Thomas WINDSOR

Born: ABT 1504, Stanwell, Middlesex, England

Father: Andrew WINDSOR (1° B. Windsor of Bradenham)

Mother: Elizabeth BLOUNT (B. Windsor of Bradenham)

Married: Mary BOKENHAM ABT 1530

Children:

1. Anne WINDSOR

2. Elizabeth WINDSOR

3. Edith WINDSOR

4. Peter WINDSOR

5. Miles WINDSOR

6. Vincent WINDSOR

7. Edward WINDSOR

8. George WINDSOR

9. William WINDSOR

10. Andrew WINDSOR


The details in this biography come from the History of Parliament, a biographical dictionary of Members of the House of Commons.

Born by 1517, 4th but 3rd surv. son of Sir Andrew Windsor, 1st Lord Windsor, and brother of William. Married by 1538, Mary, dau. and h. of Thomas Beckingham of London and Buscot, Berks., 5s. 4da.

?Serjeant-at-arms in 1544; carver to King Felipe Jun 1554.

Thomas Windsor might have been expected to follow his father and three brothers at the Middle Temple, but although his admission could have been obscured by a gap in the records there is no other indication that he belonged to the inn or practised law; such career as he had lay in the royal household, where he appears to have been for a time a serjeant-at-arms.
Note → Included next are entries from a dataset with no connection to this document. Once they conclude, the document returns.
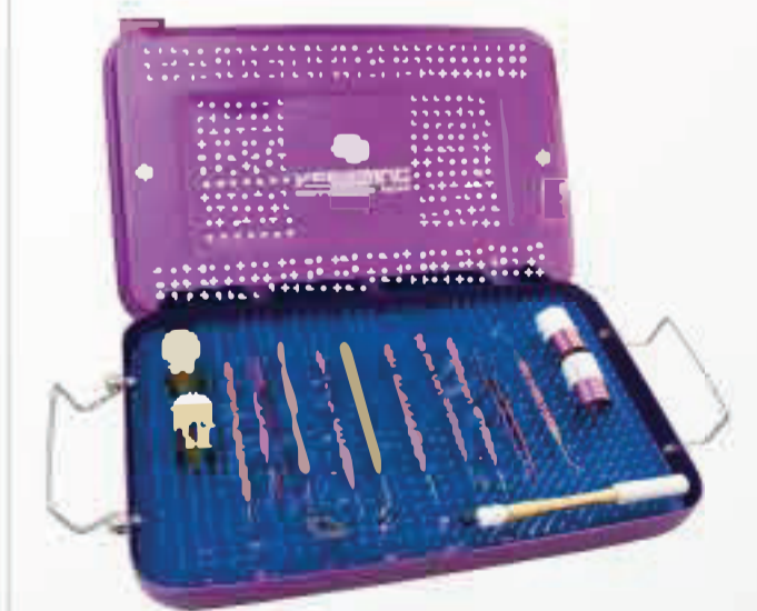
Sterilization Case COD.: KCASE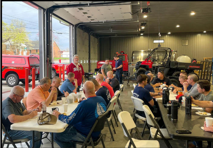
Booneville L4850 Retirees Breakfast

and hope to attend many more at your invitation in the months to come. As always if you need me or a member of our executive board to visit with you or your local, please be sure and reach out and we will be happy to attend. I look forward to seeing many of you in Terre Haute in May for the state convention!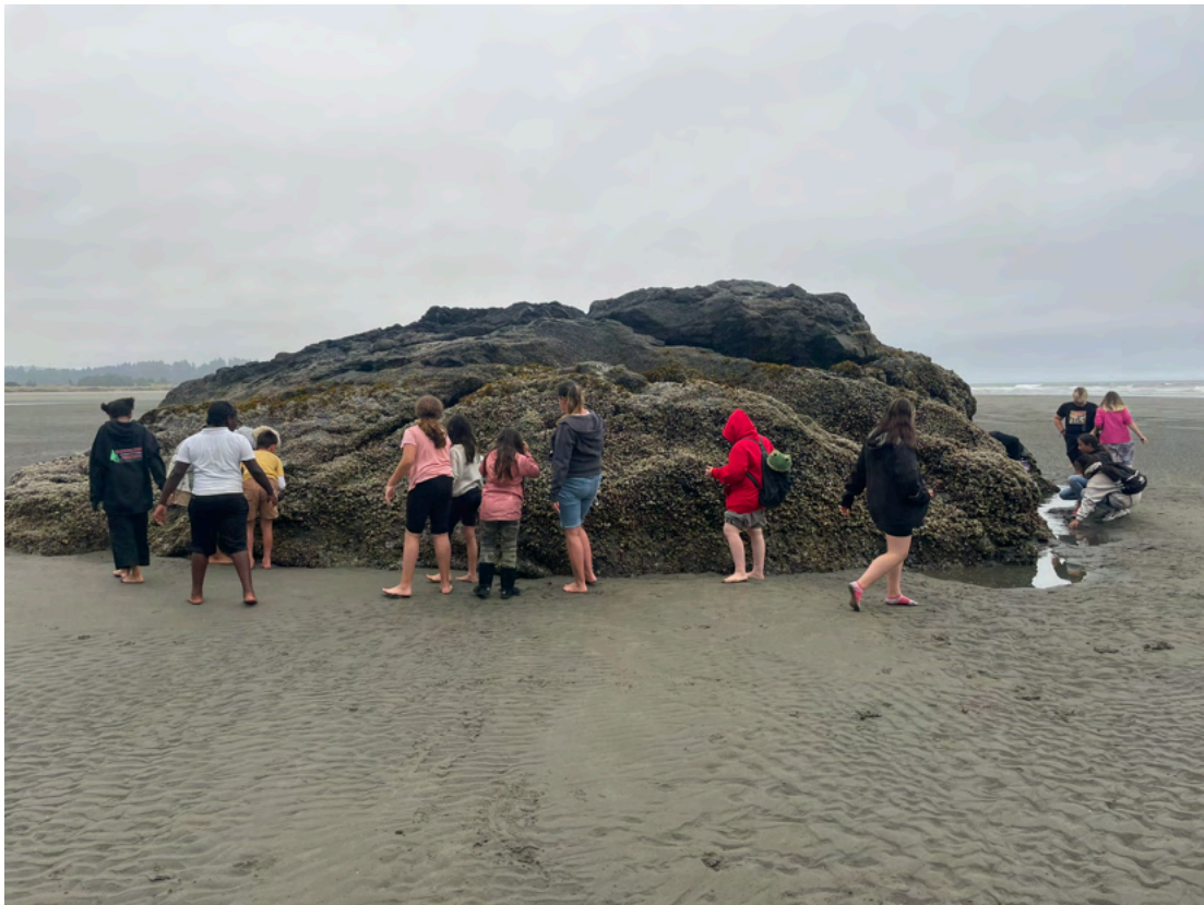
Student exploring Barnacle Rock

Little River Splash! was funded by the CA State Coastal Conservancy's 'Explore the Coast' grant funding. Over the summers of 2023 and 2024, RCAA staff coordinated naturalist-led coastal experiences for youth from supported summer school programs (targeting low-income, under-resourced youth, and their families). RCAA trained Cal Poly's student leaders to help facilitate a series of Moonstone Beach explorations of 'Barnacle Rock,' 'Dragon Cave,' 'Secret Spring,' and the Little River beach environment. In the summer of 2023, an additional kayaking trip in the Little River was offered to youth participants and their families. In the summer of 2024, the youth enjoyed an additional tour of Humboldt Bay salt marshes aboard the Madaket. Approximately 150 elementary school-aged youth were served in addition to many family members.

It was probably his nephew and namesake who accompanied an embassy to France in 1546, but the younger Windsor died in 1552 and it was the uncle who in 1554 was seconded as a carver to the suite of King Felipe. A modest beneficiary in lands and goods under his father’s will, Windsor made an advantageous marriage which in 1551 put him in possession of several Berkshire manors and the arrears of income from them for about 16 years; by 1547 he also had a lease of the Bishop of Winchester’s manor of Bentley. It was his nephew who two years later leased ex-church property in Darlington, but in 1553 Windsor paid £1,000 for a manor at Iver, Buckinghamshire, and also leased South Mimms, Middlesex, from another nephew. During his later years he seems to have overstretched his resources: when he died he still owed £400 for the last lease and he had mortgaged the Iver property for £1,000.

At the beginning of Mary’s reign Windsor was granted an annuity of £10 for ‘service at Framlingham’ and his election for Reigate is sufficiently explained by his position at court. The borough was normally controlled by the Howard family, represented there at this time by Lord William Howard, whose cousin Sir George Howard had been appointed with Windsor to Felipe’s household. As a Member of this Parliament Windsor is not named among those who opposed one of the government’s bills.

Windsor died intestate and in Dec 1567 his widow was given the administration of his property. She herself died in May 1574, and her will and inquisition indicate that she was a woman of some wealth and standing. The heir Andrew was aged 36 and more at his mother’s death. The second son Miles, of Corpus Christi College, Oxford, was to be described as ‘a tolerable Latin poet, but a better orator’, and his ‘popish affections’ were to lead to his withdrawal from university.

Sources:

Johnson, S. R.: WINDSOR, Thomas (by 1517-c.67), of Bentley, Hants and London.